Task description: Each line from the one holding "食べ歩き旅6日目のディナーで" to the last line below must be written out exactly, with no other output.
┌──
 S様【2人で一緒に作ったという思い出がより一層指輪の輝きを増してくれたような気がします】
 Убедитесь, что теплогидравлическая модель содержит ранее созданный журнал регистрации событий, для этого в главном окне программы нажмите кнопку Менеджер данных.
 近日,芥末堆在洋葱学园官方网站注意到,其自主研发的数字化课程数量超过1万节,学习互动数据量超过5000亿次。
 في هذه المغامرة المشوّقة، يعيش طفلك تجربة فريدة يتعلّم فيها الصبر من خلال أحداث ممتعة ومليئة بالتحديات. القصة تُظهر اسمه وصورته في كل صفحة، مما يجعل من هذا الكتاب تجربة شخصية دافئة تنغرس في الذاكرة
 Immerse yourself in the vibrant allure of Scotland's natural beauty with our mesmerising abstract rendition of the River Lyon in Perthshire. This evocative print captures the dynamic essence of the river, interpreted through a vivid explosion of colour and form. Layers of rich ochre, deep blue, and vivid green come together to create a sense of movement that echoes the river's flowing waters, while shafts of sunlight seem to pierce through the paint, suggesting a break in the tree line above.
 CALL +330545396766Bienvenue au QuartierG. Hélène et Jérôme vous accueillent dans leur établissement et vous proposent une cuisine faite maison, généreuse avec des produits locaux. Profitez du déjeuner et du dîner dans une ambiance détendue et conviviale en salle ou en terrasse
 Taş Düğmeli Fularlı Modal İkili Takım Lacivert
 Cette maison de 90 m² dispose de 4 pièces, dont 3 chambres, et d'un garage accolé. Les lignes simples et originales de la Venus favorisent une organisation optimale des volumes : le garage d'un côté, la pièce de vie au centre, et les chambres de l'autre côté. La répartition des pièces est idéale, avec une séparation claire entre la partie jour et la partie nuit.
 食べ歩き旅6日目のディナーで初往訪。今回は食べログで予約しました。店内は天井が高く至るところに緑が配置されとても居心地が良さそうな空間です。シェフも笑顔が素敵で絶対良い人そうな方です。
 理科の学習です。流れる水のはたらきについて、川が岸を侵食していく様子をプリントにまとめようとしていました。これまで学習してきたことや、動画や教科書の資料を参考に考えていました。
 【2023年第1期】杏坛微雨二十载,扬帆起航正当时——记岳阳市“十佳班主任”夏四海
└──
Answer area:
 食べ歩き旅6日目のディナーで初往訪。今回は食べログで予約しました。店内は天井が高く至るところに緑が配置されとても居心地が良さそうな空間です。シェフも笑顔が素敵で絶対良い人そうな方です。
 理科の学習です。流れる水のはたらきについて、川が岸を侵食していく様子をプリントにまとめようとしていました。これまで学習してきたことや、動画や教科書の資料を参考に考えていました。
 【2023年第1期】杏坛微雨二十载,扬帆起航正当时——记岳阳市“十佳班主任”夏四海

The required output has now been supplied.